Figure 1. A simple finite automaton.

Figure 2 shows another finite automaton that could be part of a lexical analyzer. The job of this automaton is to recognize the keyword then. It thus needs five states, each of which represents a different position in the word then that has been reached so far. These positions correspond to the prefixes of the word, ranging from the empty string (i.e., nothing of the word has been seen so far) to the complete word. We could consider the state "then" as accepting state.

A finite automaton modeling recognition of then
Figure 2. A finite automaton modeling recognition of then.

Structural Representations

There are two important notations that are not automaton-like, but play an important role in the study of automata and their applications.

  • Grammars are useful models when designing software that processes data with a recursive structure. The best-known example is a "parser", the component of a compiler that deals with the recursively nested features of the typical programming language, such as expressions-arithmetic, conditional, and so on. For instance,a grammatical rule like EE+EE\Rightarrow E+E states that an expression can be formed by taking any two expressions and connecting them by a plus sign; this rule is typical of how expressions of real programming languages are formed. Later, we'll introduce context-free grammars, as they are usually called.
  • Regular Expressions also denote the structure of data, especially text strings. The patterns of strings they describe are exactly the same as what can be described by finite automata. The style of these expressions differs significantly from that of grammars, and we shall content ourselves with a simple example here. The UNIX-style regular expression [A-Z][a-z]*[ ][A-Z][A-Z], represents capitalized words followed by a space and two capital letters. This expression represents patterns in text that could be a city and state, e.g., Ithaca NY. It misses multiword city names, such as Palo Alto CA, which could be captured by the more complex expression [A-Z][a-z]*([ ][A-Z] [a-z]*)*[ ][A-Z][A-Z].

Automata and Complexity

Automata are essential for the study of the limits of computation.

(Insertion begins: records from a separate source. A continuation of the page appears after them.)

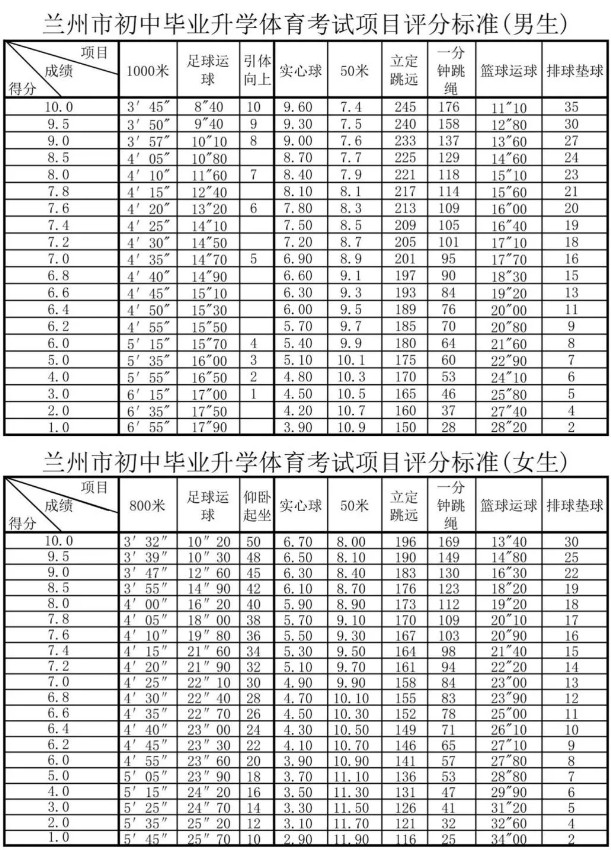 1.甘肅蘭州中考體育評(píng)分標(biāo)準(zhǔn)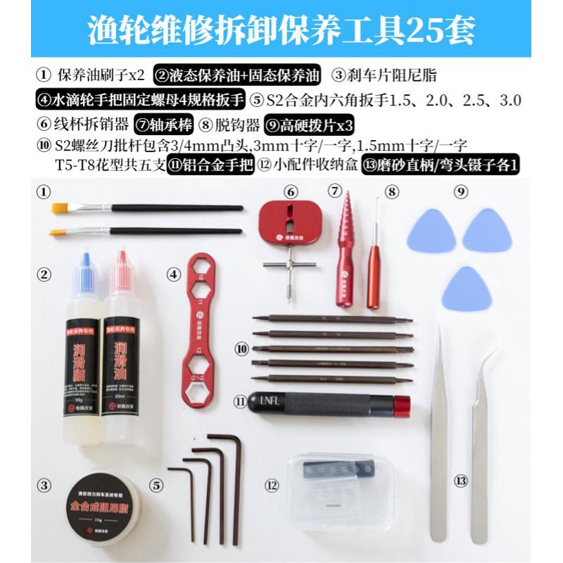 水滴轮鼓轮拆销器扳手螺丝刀保养油拆卸维修改装渔轮保养工具套装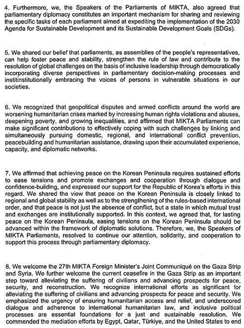 Denunciamos el incremento del unilateralismo y, también, expresamos nuestro compromiso de colaborar en la resolución de las crisis globales, tales como los conflictos armados, el cambio climático, las crisis económicas y social, así como la polarización social. Coincidimos en la importancia del parlamento como una institución que promueve la paz, la democracia, la estabilidad, el Estado de Derecho y contribuyen a la resolución de desafíos globales.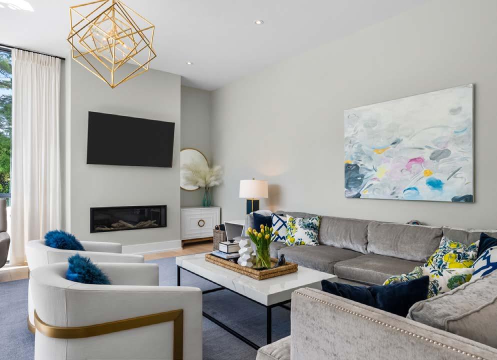 • Family room with custom built-ins (2020), gas fireplace, and floor-toceiling windows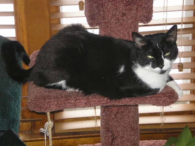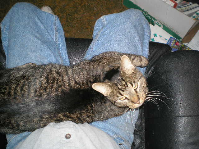 Our cats, all rescue cases. Pair in the chair, Murphey is the black and white, with Callie. I found Murphey in a snow bank in the median of a hiway in Feb. 8 years ago, almost dead, half frozen, been run over, broken hip. Vet guessed him to be about 12-14 weeks old at the time. Hoover on my lap. He is the biggest and about 1 1/2 years old. I am not a little person at 6 foot even and 218 lbs., and he takes up a lot of my lap. And Sammy the retarded cat. Really. He keeps us on our toes.

As we mentioned in the introduction to the chapter, there are two important issues:

  • What can a computer do at all? This study is called "decidability," and the problems that can be solved by computer are called "decidable."
  • What can a computer do efficiently? This study is called "intractability," and the problems that can be solved by a computer using no more time than some slowly growing function of the size of the input are called "tractable." Often,we take all polynomial functions to be "slowly growing," while functions that grow faster than any polynomial are deemed to grow too fast.

Introduction to Formal Proof

Perhaps more than other core subjects of computer science, automata theory lends itself to natural and interesting proofs, both of the deductive kind (a sequence of justified steps) and the inductive kind (recursive proofs of a parameterized statement that use the statement itself with "lower" values of the parameter).

Deductive Proofs

A deductive proof consists of a sequence of statements whose truth leads us from some initial statement, called the hypothesis or the given statement(s), to a conclusion statement. Each step in the proof must follow, by some accepted logical principle, from either the given facts, or some of the previous statements in the deductive proof, or a combination of these.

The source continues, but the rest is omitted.